The algorithm will go through the flights at most k+1 times (the number of stops plus the initial city). On each iteration, we make a copy of the dist list called backup. This is important to ensure that updates in the current round do not affect the other updates in the same round since we are only allowed to use k stops.

For each flight [f, t, p] in flights, we check if the current known cost to city t is greater than the cost to city f plus the price p of the flight from f to t. If it is, we update the cost for city t in the dist list with the new lower cost. This represents a relaxation step where we relax the cost to get to t via f if it is possible to get there more cheaply.

After k+1 iterations, the dist list contains the minimum costs of reaching each city from the source city with up to k stops. The value in dist[dst] is the cheapest price to get to the destination dst. However, if the value at dist[dst] is still infinity (represented by INF), it means there was no possible route within the given number of stops, hence we return -1.

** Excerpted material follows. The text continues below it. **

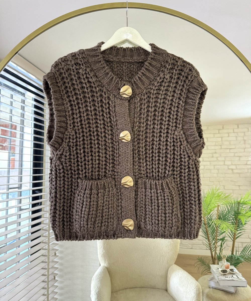 Kalın Örgü Cepli Yelek Acı Kahve

Learn more about Depth-First Search, Breadth-First Search, Graph, Dynamic Programming, Shortest Path and Heap (Priority Queue) patterns.

Solution Approach

The implementation of the solution uses dynamic programming to iteratively update the cheapest prices for reaching each city within the constraint of at most k stops. Here's a step-by-step walkthrough of the algorithm:

  1. Initialization: An array dist is initialized to store the cheapest prices to each city. It is filled with INF (a large number indicating infinity) to represent that initially, all destinations are unreachable. The price to reach the src city is set to 0 because it costs nothing to start from there.

  2. Algorithm: The core part of the algorithm runs for k+1 iterations, where k is the maximum number of stops allowed. The extra iteration is because a journey from src to dst with k stops consists of k+1 flights.

  3. Backup Array: In each iteration, a backup of the dist array is created. This is crucial because updates to the dist array within a single iteration must be based on the state of the array from the previous iteration, not the current one where some values have already been updated.

  4. Relaxation: For each flight [f, t, p], where f is the starting city, t is the target city, and p is the price of the flight, the algorithm checks if the current known price to city t can be improved by taking the flight from city f. The relaxation condition is:

    1if dist[t] > backup[f] + p:
    2    dist[t] = backup[f] + p

    If the price to reach city t (dist[t]) is higher than the price to reach city f (backup[f]) plus the price of the flight p, the cheaper price is updated in dist[t].

  5. Returning the result: After k+1 iterations, the algorithm looks at the price recorded in dist[dst], which is the minimum cost to reach destination dst from source src within k stops. If this price is still INF, it means no such route was found within the limit of stops, and -1 is returned. Otherwise, the cheapest price found is returned.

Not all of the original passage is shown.